Would you please copy only the lines from the line that contains "L-1 KOH 溶液)。插图中红色虚线代表ECSA的平均值。" to the end of the data below, exactly, leaving every picture out?

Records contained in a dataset
=== Section Start ===
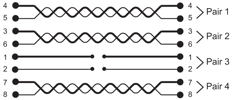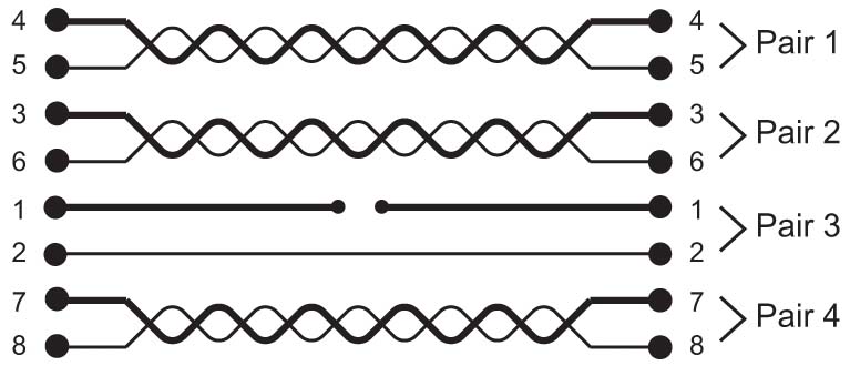 Расщепленная пара (Split pair) - это серьезная ошибка монтажа, при которой провода из двух разных пар объединены в «рабочую» пару по ошибке (провода не скручены между собой). Эта неисправность возникает, когда монтажник одинаково путает цветовую последовательность проводов в коннекторе на обоих концах кабеля. Передача данных, как и раньше, будет осуществляться по двум проводникам, но они уже не будут находятся в скрутке между собой.
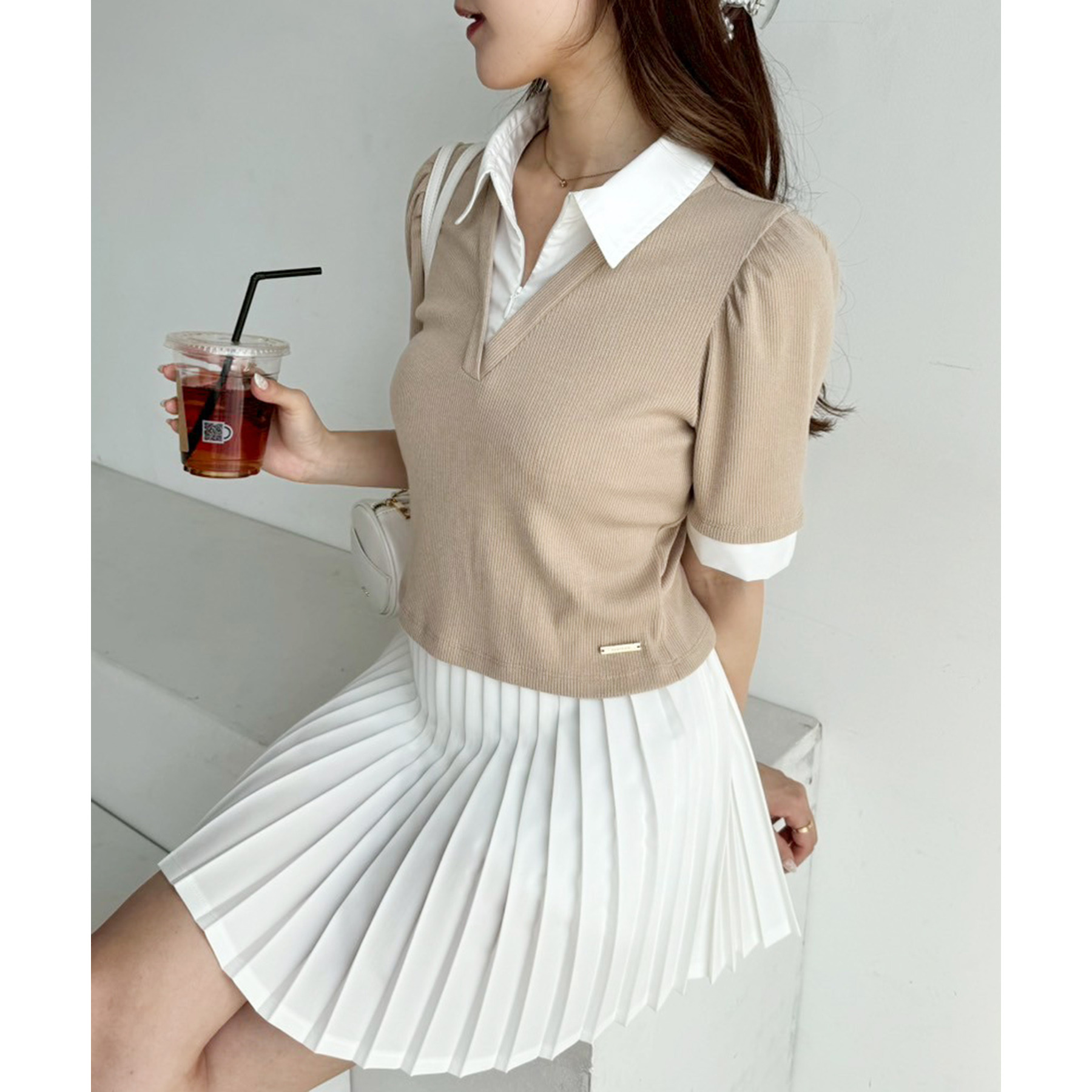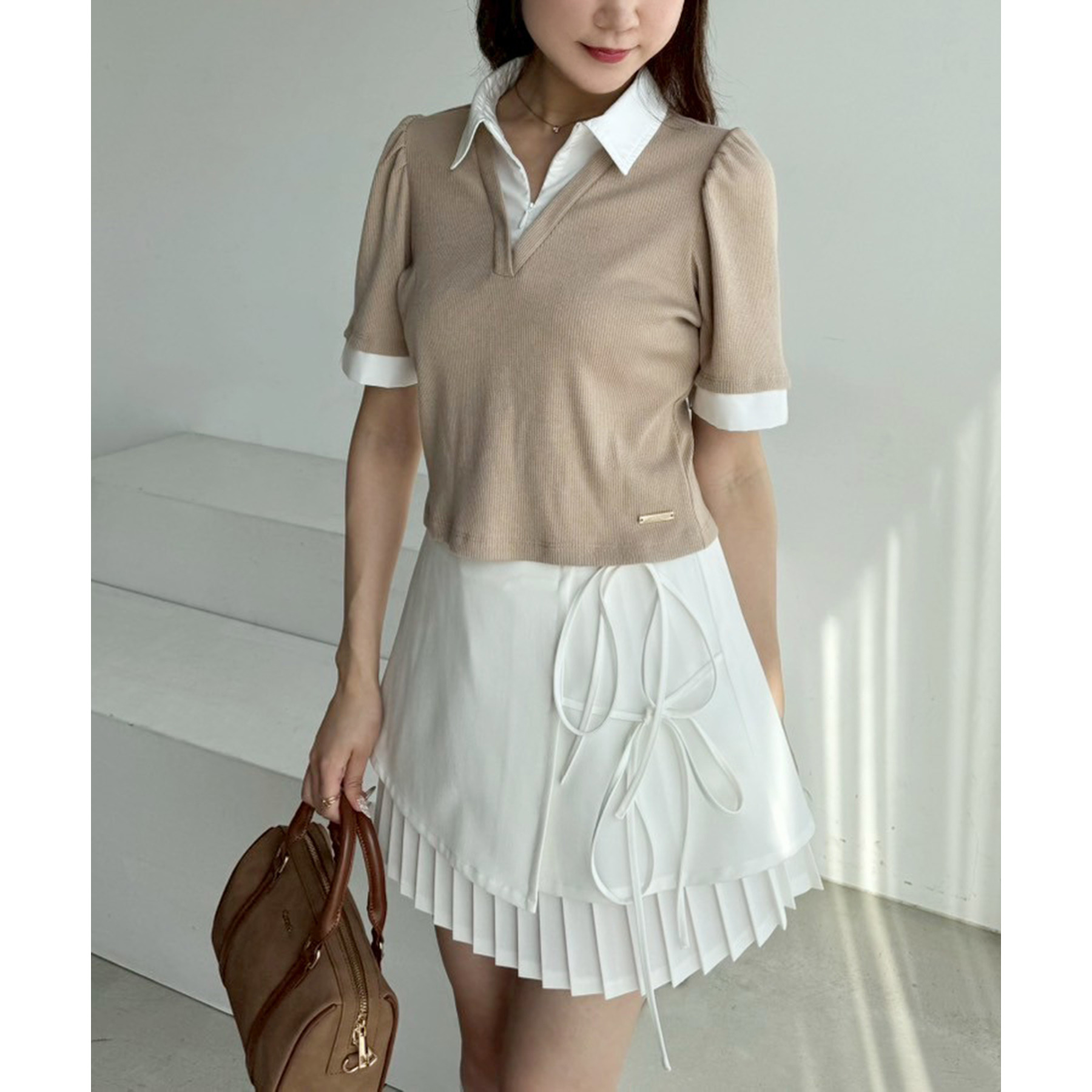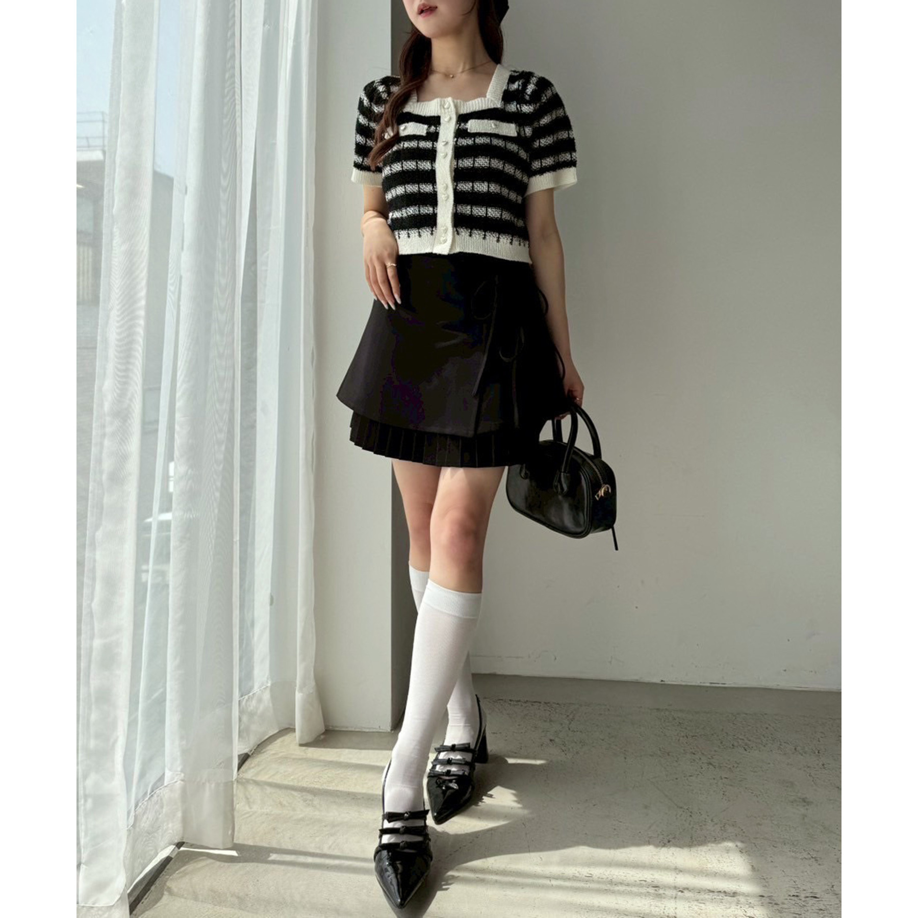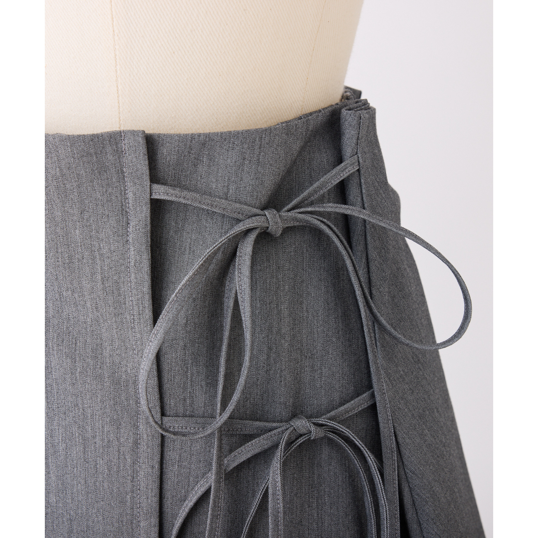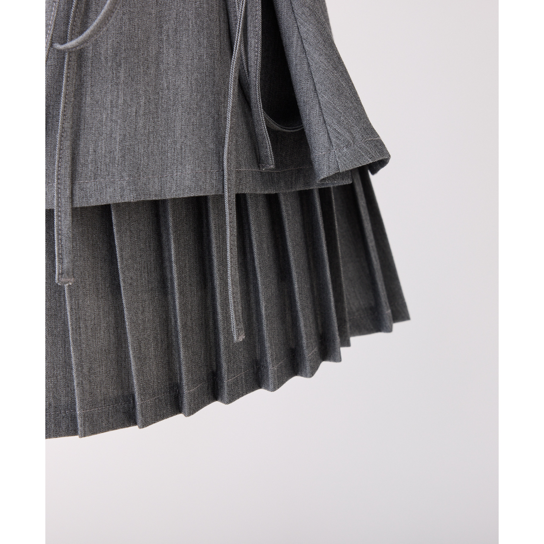 腰にリボンを付けたラップデザインのスカートと細プリーツスカートがセットになったアイテム
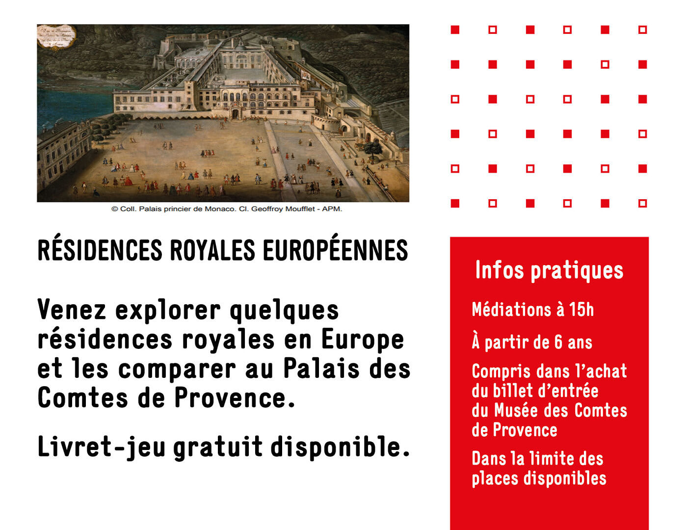 Vous explorerez quelques résidences royales en Europe et pourrez les comparer au Palais des Comtes de Provence.
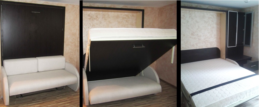 Этот тип мебели трансформера коренное отличие от старой модели: полноценная кровать преобразуется в не менее полноценный и удобный диван. Кровать в данном варианте крепится вертикально, в основном матрасы полуторные и двуспальные.
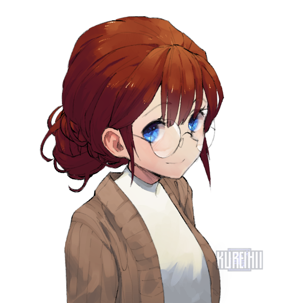 赤みがかった栗毛を後ろで束ね、丸眼鏡をかけている
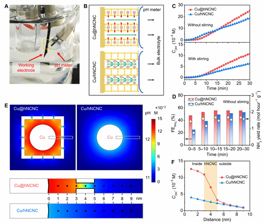 图2. 局域pH检测及模拟。(A、B)pH计法检测OH?的产生和扩散的实物图(A)和示意图(B)。(C)电极表面OH?浓度随时间变化图。(D)不同反应时段的产氨性能。(E、F)笼内外OH?浓度的有限元模拟。
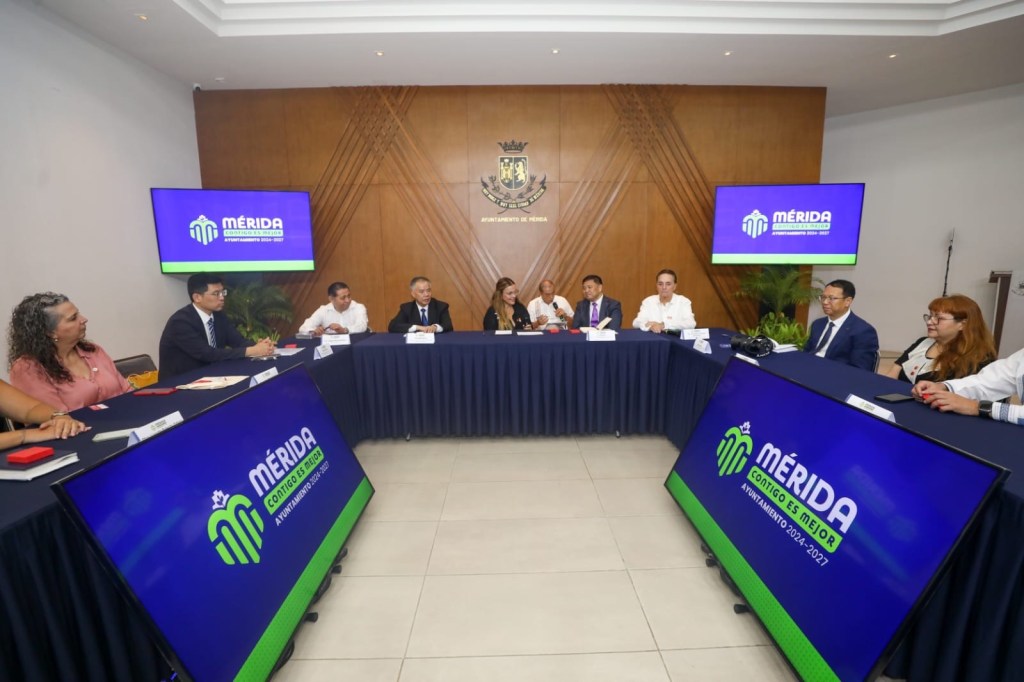 Por el Ayuntamiento de Mérida, Edgar Ramírez Pech, secretario municipal; Mauricio Díaz Montalvo, director de Prosperidad y Bienestar Económico; Karla Berrón Cámara, directora de Identidad y Cultura; Teresa Lissette Estrada Ortega, directora de Innovación y Gobierno Inteligente y Armando Casares Espinosa, Secretario Técnico de la Unidad de Turismo.
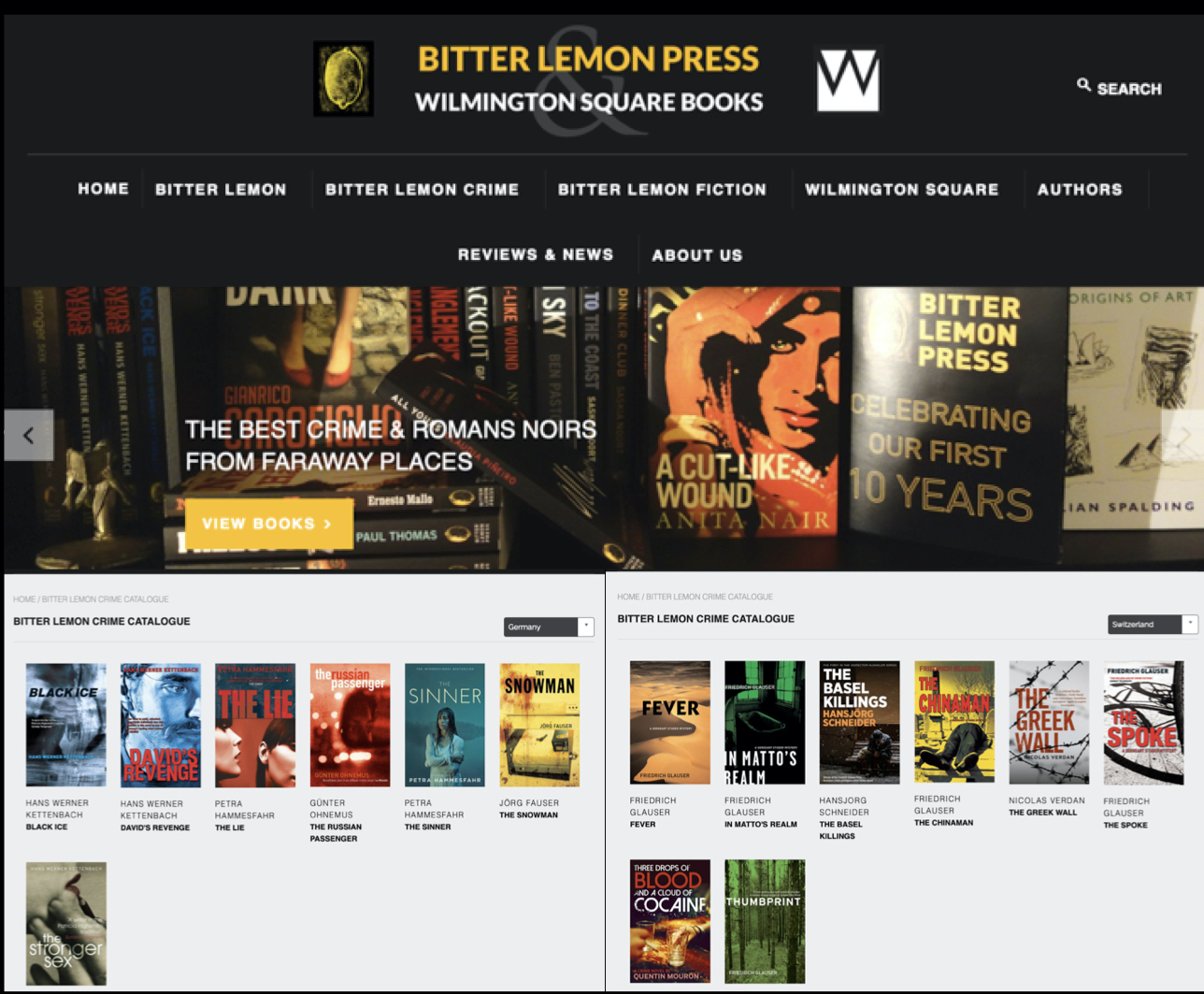 You can sort their catalogue by country, with twenty-four countries on offer, including four English-speaking ones. They offered me eight books from Switzerland and seven from Germany.
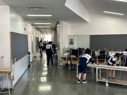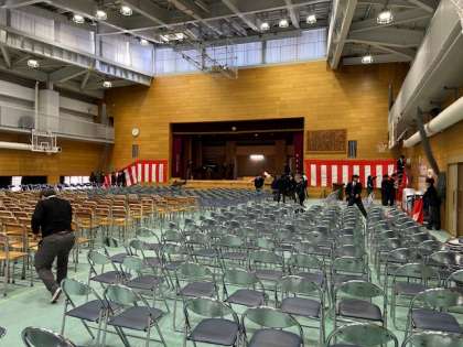 明日はいよいよ卒業式です。会場準備など1、2年生が丁寧に進めてくれました。準備は整いました。
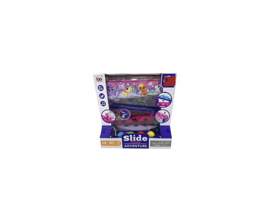 This unicorn-themed ball and track set features a three-layer slide with sound and light effects, providing engaging and interactive play. With 10 DIY pieces, it allows children aged 3 and up to build, play, and develop creativity and coordination, and can be styled with other colorful toys or placed on a play table for a fun, magical display.
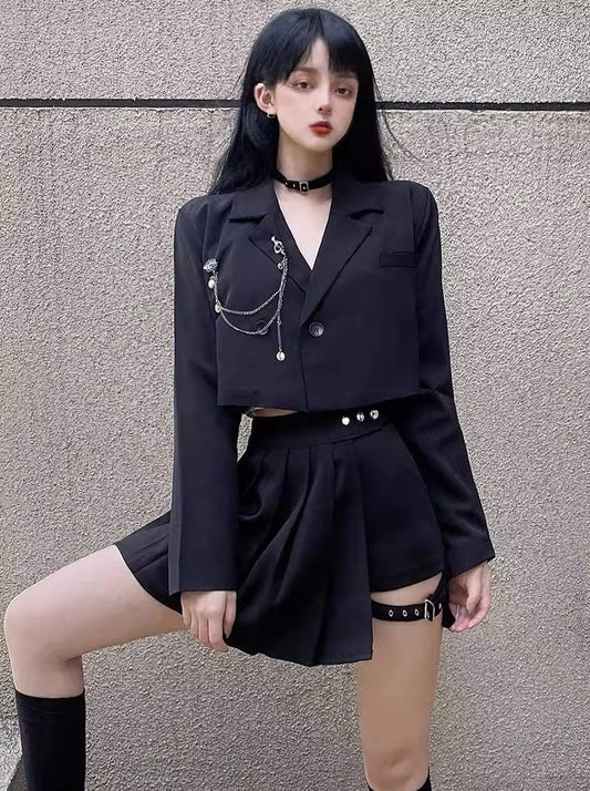チェーンストラップ付きクロップドジャケット+スプリットメタルバックルスカート
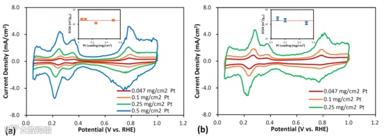 图2. RDE测试不同载量的(a)LSAC的CV曲线和ECSA结果(插入的小图)(b)HSAC LSAC的CV曲线和ECSA结果(插入的小图,1 mol L-1 KOH 溶液)。插图中红色虚线代表ECSA的平均值。
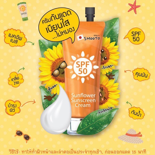 (6ซอง/กล่อง) Smooto Sunflower sunscreen สมูทโตะ ซันฟาวเวอร์ ซันสกรีน ครีม [0658]
=== Section End ===
**Response**
 图2. RDE测试不同载量的(a)LSAC的CV曲线和ECSA结果(插入的小图)(b)HSAC LSAC的CV曲线和ECSA结果(插入的小图,1 mol L-1 KOH 溶液)。插图中红色虚线代表ECSA的平均值。
 (6ซอง/กล่อง) Smooto Sunflower sunscreen สมูทโตะ ซันฟาวเวอร์ ซันสกรีน ครีม [0658]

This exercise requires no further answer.